Leemos esta semana que D´s le indica a Noaj construir un arca para salvarse junto a su familia del diluvio. En ningún momento el texto nos menciona la intención de Noaj de salvar al resto de la humanidad. Tenemos que ahondar en comentarios y midrashim para ver que Noaj intentó comunicar la voluntad divina pero no fue escuchado.
Si nos quedamos con la primera
idea, Noaj era un egoísta. En cambio, si nos adentramos en la historia vemos
que no fue tan así.
¿Cuántas veces somos
influenciados por nuestra primera impresión de las cosas? Tenemos el dicho que
dice “la primera impresión es lo que cuenta” pero para este caso sabemos que no
es así.
¿No te pasó muchas veces que
prejuzgaste a una persona sin saber cuál era el trasfondo de lo que le estaba
ocurriendo? Noaj, caminaba con D´s. Excelente. Para su época era un tzadik. Pero
nos queda, a priori, el sabor amargo de que podría haber hecho más. Sólo
después de una segunda impresión comprendemos la clase de persona que era.
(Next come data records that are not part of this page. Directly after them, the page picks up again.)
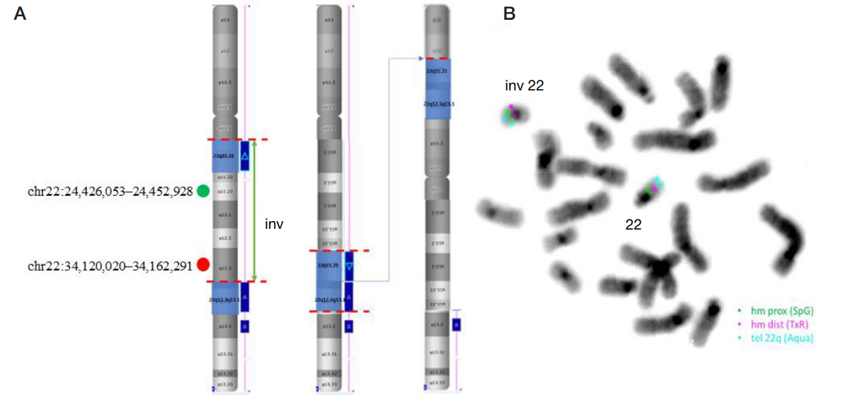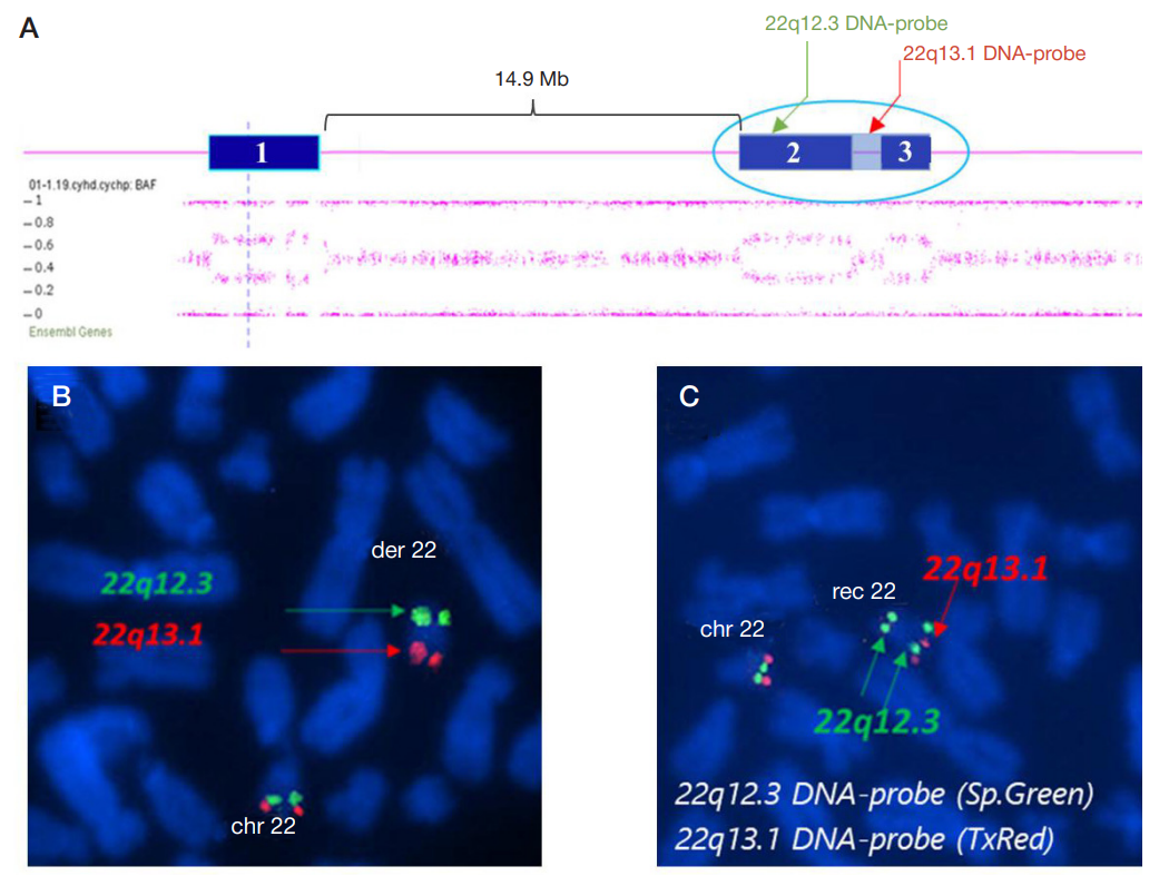 Molecular cytogenetic characterization of a rare recombinant chromosome 22 caused by a maternal intrachromosomal insertion
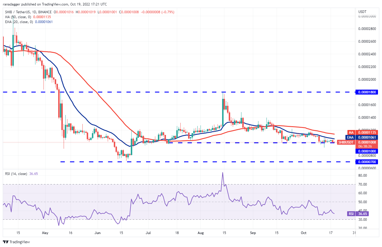 Shiba Inu’s (SHIB) recovery fizzled out near the 20-day EMA ($0.000011) and the price has declined to the strong support at $0.000010.
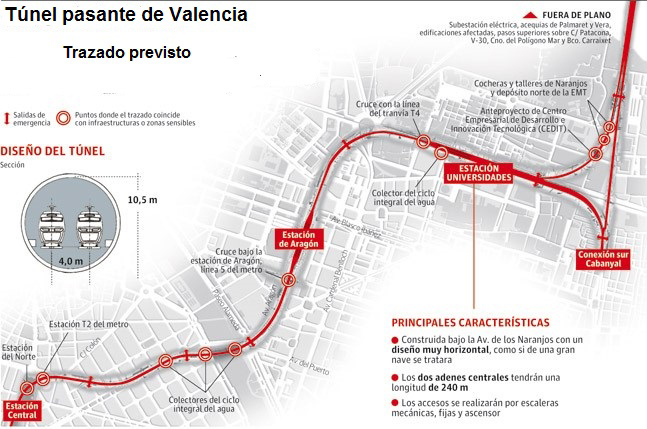 El túnel conectará por el sur con la futura estación de Valencia, actuación enmarcada en la operación de remodelación de la Red Arterial Ferroviaria de Valencia, por lo que ambas actuaciones deben coordinarse.

Y por si esto fuera poco, siempre
se lo compara a Noaj con Abraham. Abraham que se le planta a D´s antes de las
destrucciones de Sodoma y Gomorra.
Este tipo de comparaciones me recuerda
a una que hay en la actualidad: ¿quién es mejor: Maradona o Messi? La necesidad
de comparar a una persona con la otra hace que se quite de foco compararla con
algo que merezca ser comparado. ¿Noaj era buena persona o mala? Lo comparamos
con la bondad y maldad. ¿Noaj era mejor o peor que Abraham? Ahí entran en juego
elementos subjetivos que podrían determinar la respuesta. Así como Maradona fue
el mejor jugador de una época, Messi lo es de otra. Noaj fue una persona
elegida por D´s en una época y en otra eligió a Abraham. No pensemos en demasía
porque perdemos el eje en disfrutar lo que se nos presenta.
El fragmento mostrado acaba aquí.